IntroductionFor more than two decades, the standard for thrombolysis for Acute Ischemic Stroke (AIS) has been alteplase 0.9 mg/kg (maximum 90 mg) with 10 % given as a bolus. More recent studies such as the EXTEND-IA, and AcT study have shown tenecteplase (TNK) may have potential advantages over alteplase for AIS. In November 2024 the ATTEST-2 study was published with the largest comparative prospective study to date. This study included 1858 patients from 39 stroke centers in the UK which were randomized to receive TNK 0.25 mg/kg IV or alteplase standard of care dose. The study showed TNK was non-inferior to alteplase for 90-day mRS (p<0.001). On March 3rd, 2025, the FDA approved TNK for AIS based off the AcT trial. This study further evaluates the effectiveness and safety of TNK at 0.25 mg/kg IV for AIS and represents real world community hospital utilization covering a diverse population reinforcing the safety and efficacy of TNK compared with alteplase.

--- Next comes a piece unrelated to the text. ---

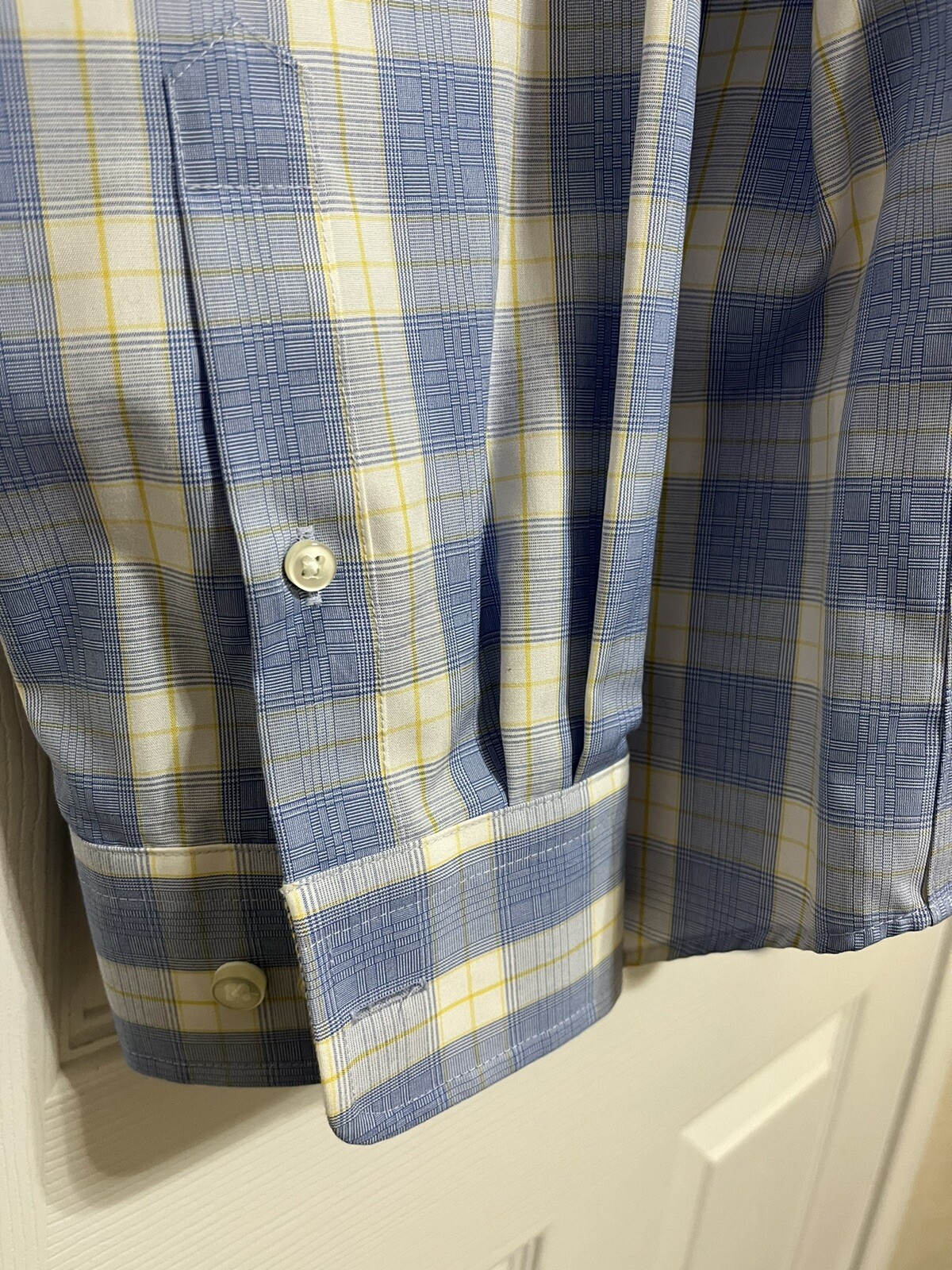 EGARA Button Down Long Sleeve Shirt Non-Iron Cotton Blue/Yellow Plaid Size XXL
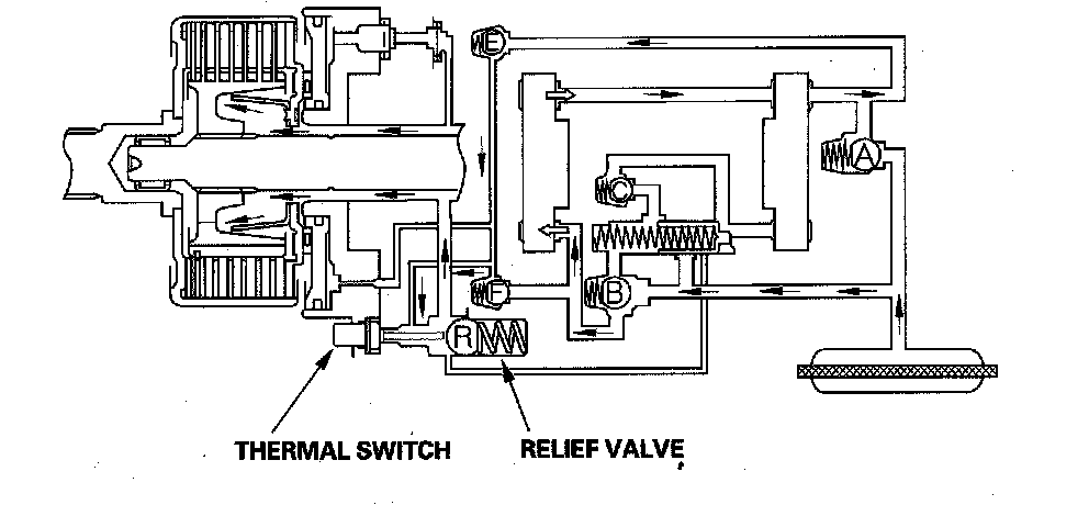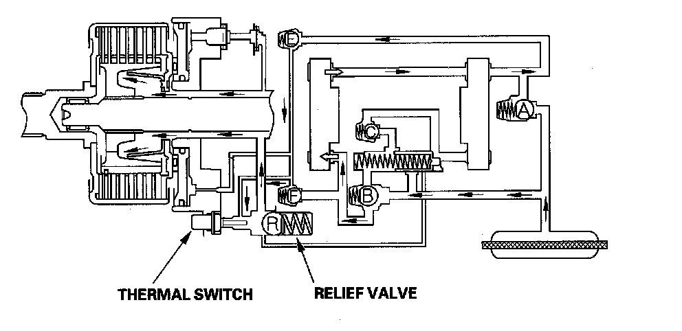 If the temperature of the fluid in the differential goes too high, the thermal switch pushes open the relief valve R. This causes the pressure in the clutch piston to drop, and 4WD mode is disengaged.

MethodsThe analysis used a multicenter, retrospective cohort study across 11 primary and comprehensive hospitals within the BayCare Health System in West Central Florida (December 2019-April 2024), comparing TNK 0.25 mg/kg (max 25 mg) with standard-dose alteplase among adults with AIS presenting within 4.5 hours of last-known-well. The primary outcome (LVO subgroup) was substantial early reperfusion prior to thrombectomy (mTICI 2b/2c/3 or absence of retrievable thrombus). Key secondary outcomes included door-to-needle time, admission, and discharge NIHSS and 90-day mRS, and safety (ICH, angioedema). Adjusted analyses used logistic and ordinal logistic regression.
ResultsAmong 476 AIS patients (TNK n=270; alteplase n=206), 226 had LVO (TNK n=115; alteplase n=111). Early reperfusion occurred in 14.8% with TNK vs 4.5% with alteplase (risk difference 10.3% [95% CI, 2.7-17.8], p=0.008). Adjusted odds of early reperfusion were higher with TNK (OR 3.53 [95% CI, 1.20-10.40], p=0.022). In all AIS patients, median door-to-needle time was shorter with TNK (34 vs 45 minutes; difference -11 [95% CI, -14.4 to -7.6], p<0.001). Good 90-day functional outcome (mRS 0-2) was more common with TNK among LVO patients (47.3% vs 29.3%, p=0.031) and among all AIS patients (61.8% vs 50.0%, difference 11.8% [95% CI, -0.3 to 23.4], p=0.044). Symptomatic ICH and angioedema were similar; across all patients combined, ICH (symptomatic and asymptomatic) was less frequent with TNK (8.5% vs 15.0%, p=0.030).
ConclusionIn routine practice, TNK 0.25 mg/kg was associated with higher pre-thrombectomy reperfusion in LVO, shorter door-to-needle times, comparable safety, and improved functional outcomes versus alteplase in key analyses. These findings align with recent randomized evidence and support TNK as an effective alternative to alteplase for AIS.